__What is being asked__. Give again the lines from the line with "IEC connector C14" to the last line of the records, exactly and in full. Do not carry over any pictures.

__Information supplied__.
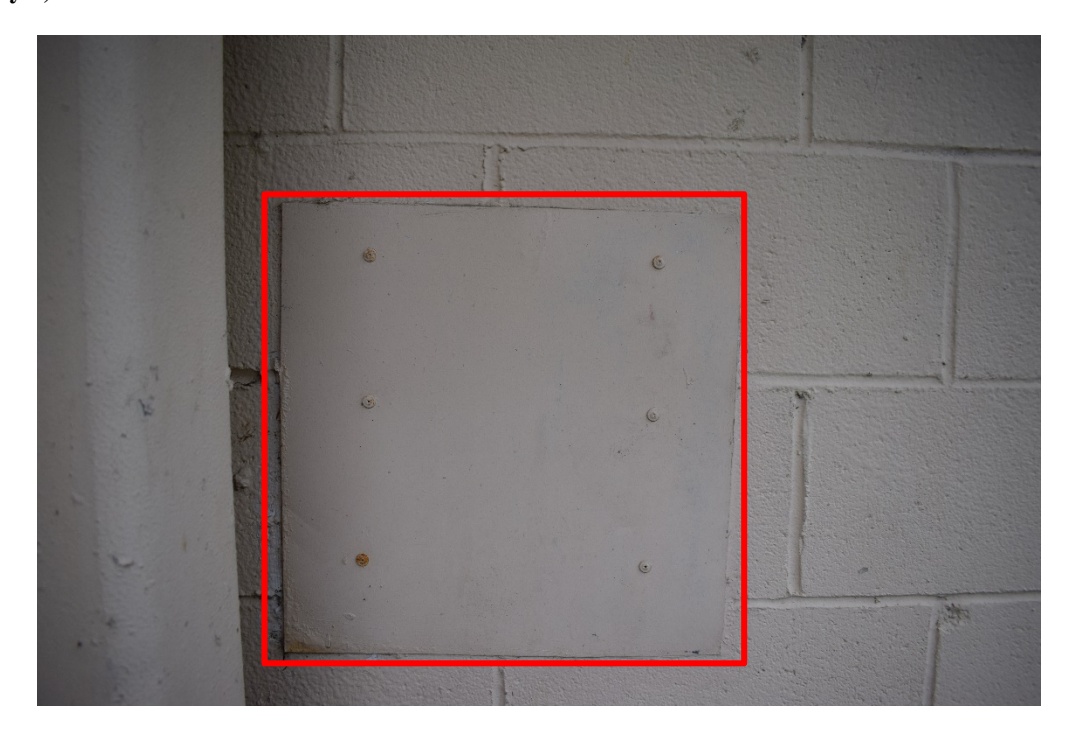
Figure 4: Close-up of the proposed insertion point of the French drain (outlined in red), located at the south end of the primary (west) façade of Building 49, facing east.
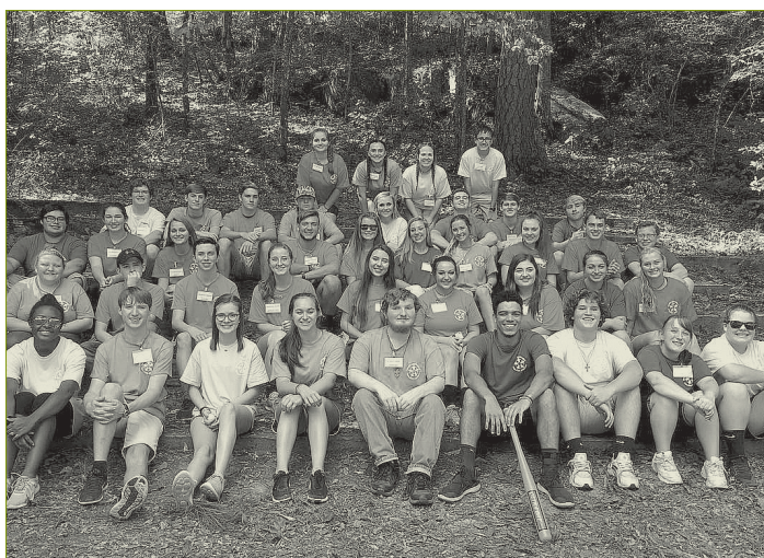
Youth Leadership Walker County

The Community Foundation offers the students an opportunity to become grantmakers as they conduct their own grant review process. They receive grant applications from area nonprofits and school clubs, review the applications, conduct site visits and determine how to give away the $10,000 invested in them through the Foundation.
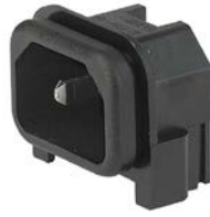
IEC connector C14 or C18 Screw-on mounting PCB Mounting
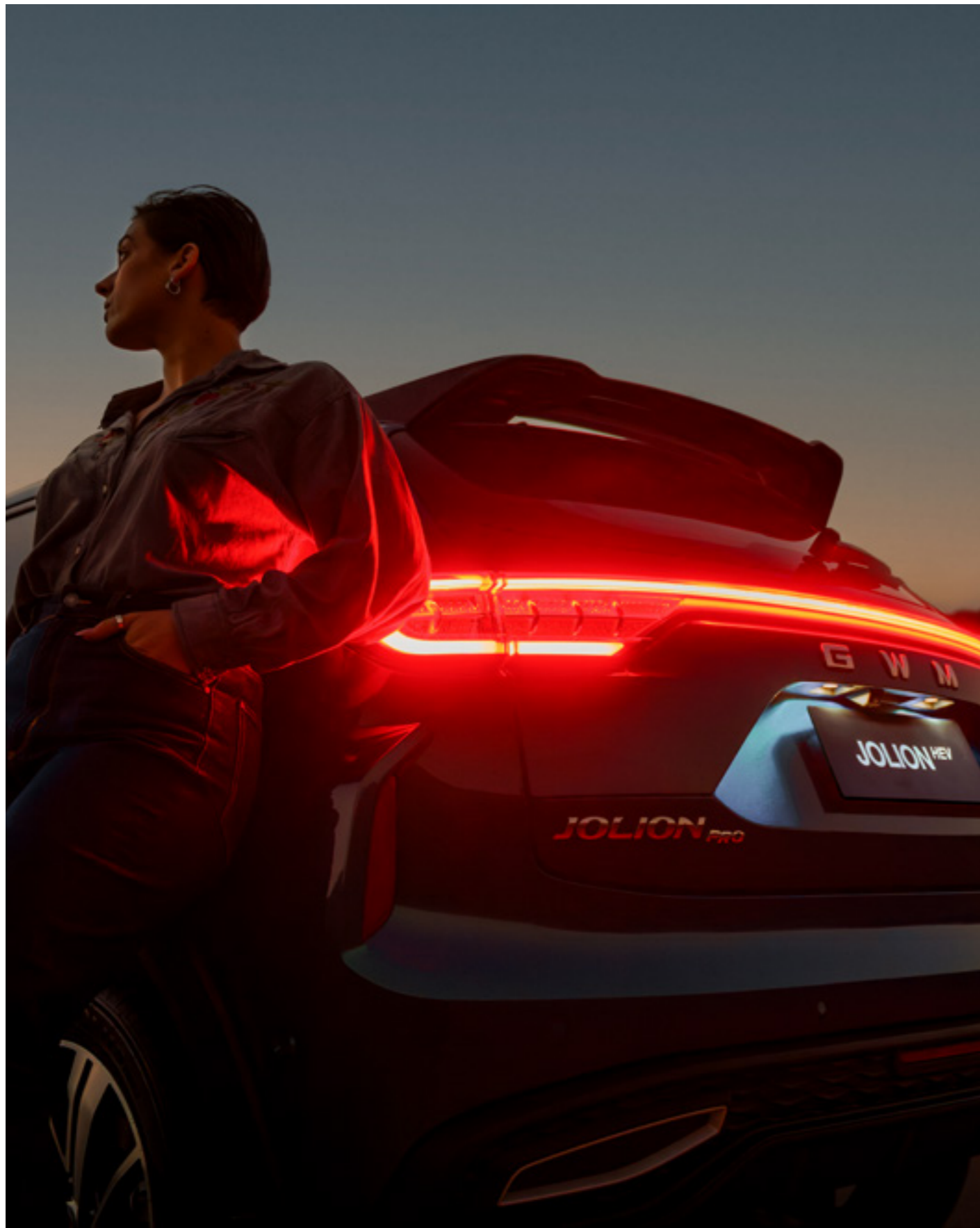
Change to Elegant LED brake light bar*
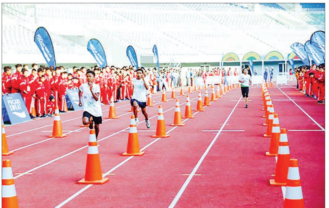
Athletes competing in the previous version of the Mandalay Mayor's Mini Marathon in Mandalay.

Prizes will be presented to outstanding athletes in the 13-mile marathon. The winner will be awarded K6 million, while the second place winner will get K4 million, and the third place winner will be
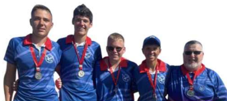
U/16 Namibia Boys - Silver
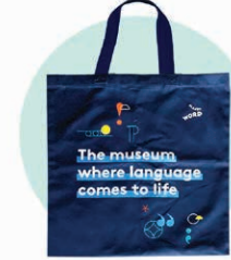
Canvas Tote $20.00
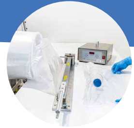
Dual weld / cut heat sealer to contain waste exit
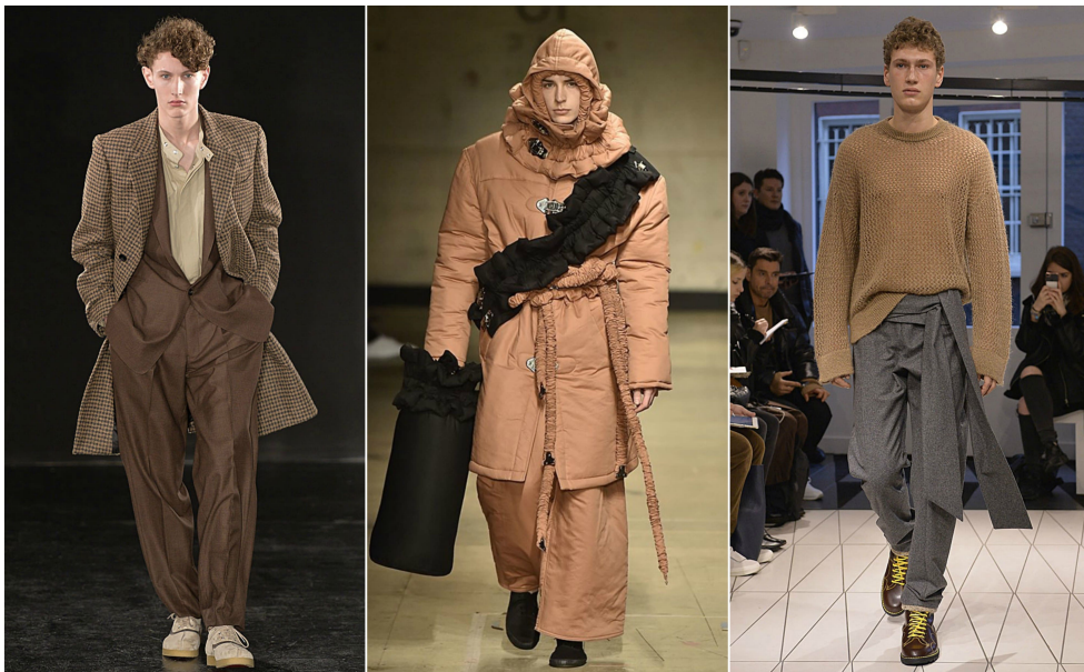
From left to right: E.Tautz, Craig Green & Chalayan | Image Credit: catwalking.com

An autumn/ winter favourite, camel is back this year. Forget camel outerwear (though we do love a camel coat), AW17 is all about camel from head to toe. Mix shades and patterns for maximum impact or play it safe and break the outfit with a well placed pop of navy or cream.
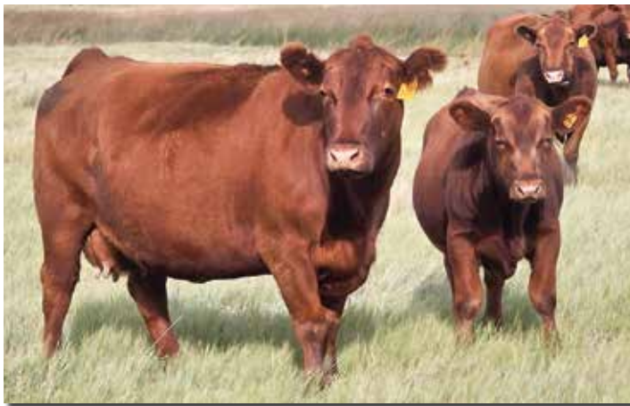
Dam to Lot 50 • MLK CRK LAKOTA 669

Rooted in the maternal strength Milk Creek Reds is known for, Sumo is designed to leave productive, long-lasting daughters with functional efficiency. His balanced carcass profile supports end-product value without sacrificing real-world performance.

__Written solution__.
IEC connector C14 or C18 Screw-on mounting PCB Mounting
Change to Elegant LED brake light bar*
Athletes competing in the previous version of the Mandalay Mayor's Mini Marathon in Mandalay.

Prizes will be presented to outstanding athletes in the 13-mile marathon. The winner will be awarded K6 million, while the second place winner will get K4 million, and the third place winner will be
U/16 Namibia Boys - Silver
Canvas Tote $20.00
Dual weld / cut heat sealer to contain waste exit
From left to right: E.Tautz, Craig Green & Chalayan | Image Credit: catwalking.com

An autumn/ winter favourite, camel is back this year. Forget camel outerwear (though we do love a camel coat), AW17 is all about camel from head to toe. Mix shades and patterns for maximum impact or play it safe and break the outfit with a well placed pop of navy or cream.
Dam to Lot 50 • MLK CRK LAKOTA 669

Rooted in the maternal strength Milk Creek Reds is known for, Sumo is designed to leave productive, long-lasting daughters with functional efficiency. His balanced carcass profile supports end-product value without sacrificing real-world performance.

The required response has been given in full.